HOW TO COMPLETE THIS TASK:
Where a picture occurs in the data, omit it, and copy all remaining data exactly.

DATA SHOWN:
•••••

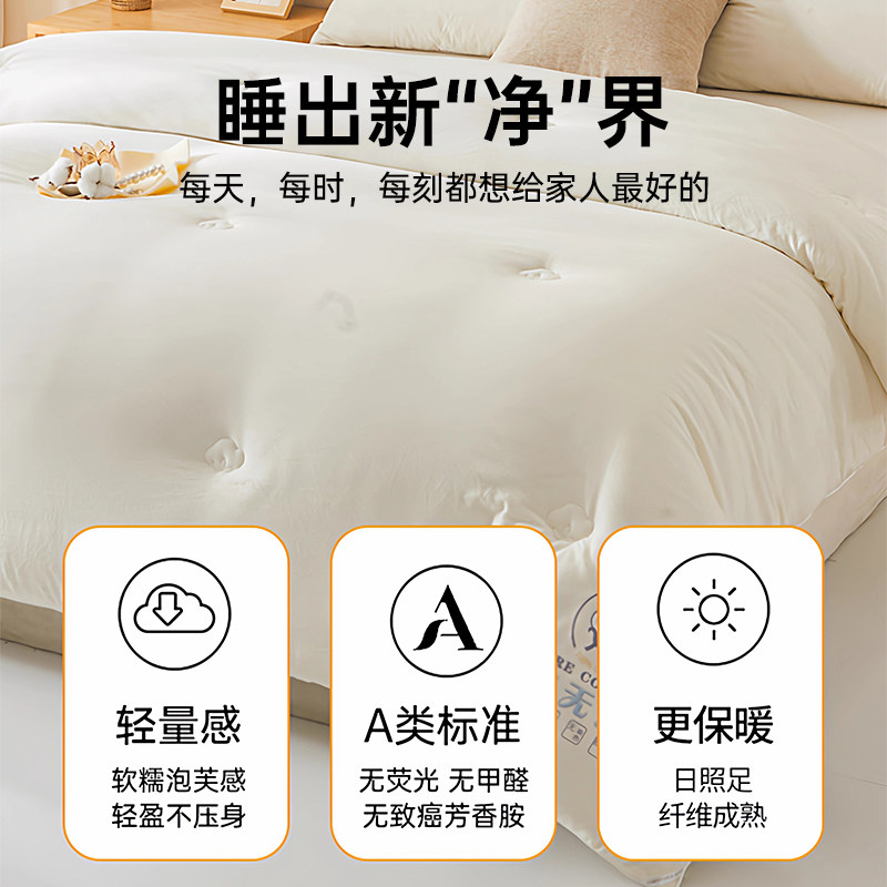 水星家纺棉花被60S长绒棉A类棉被加厚纯棉被子春秋被芯四季被冬被
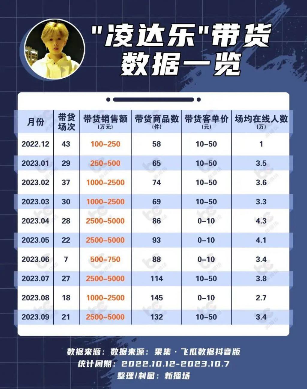 凌达乐发迹于快手,但直播主战场却是抖音,现在他在抖音有将近 700 万粉丝。平均月度直播 15 场,平均在线人数 10 万 +,累计销量破百万,总销售额更是突破千万。
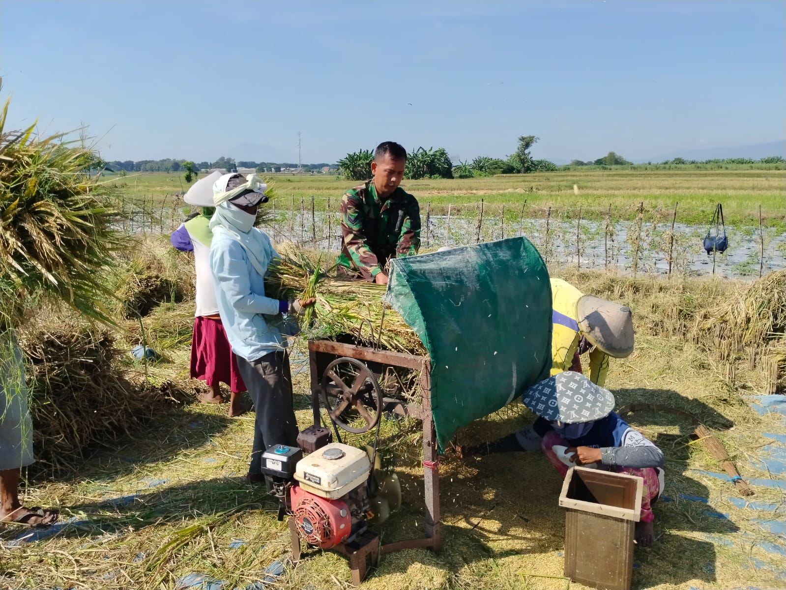 PENJURU.ID | Probolinggo – Dalam rangka mendukung Gerakan Antisipasi Darurat Pangan Nasional, Babinsa Koramil 0820-05/Tongas, Sertu Sodikin, melakukan pendampingan langsung dalam kegiatan panen padi milik warga binaannya, Bapak Soleh, di Dusun Merico, RT 12 RW 10, Desa Tanjung Rejo, Kecamatan Tongas, Kabupaten Probolinggo,(7/6).

•••••

EXERCISE OUTPUT:
 水星家纺棉花被60S长绒棉A类棉被加厚纯棉被子春秋被芯四季被冬被
 凌达乐发迹于快手,但直播主战场却是抖音,现在他在抖音有将近 700 万粉丝。平均月度直播 15 场,平均在线人数 10 万 +,累计销量破百万,总销售额更是突破千万。
 PENJURU.ID | Probolinggo – Dalam rangka mendukung Gerakan Antisipasi Darurat Pangan Nasional, Babinsa Koramil 0820-05/Tongas, Sertu Sodikin, melakukan pendampingan langsung dalam kegiatan panen padi milik warga binaannya, Bapak Soleh, di Dusun Merico, RT 12 RW 10, Desa Tanjung Rejo, Kecamatan Tongas, Kabupaten Probolinggo,(7/6).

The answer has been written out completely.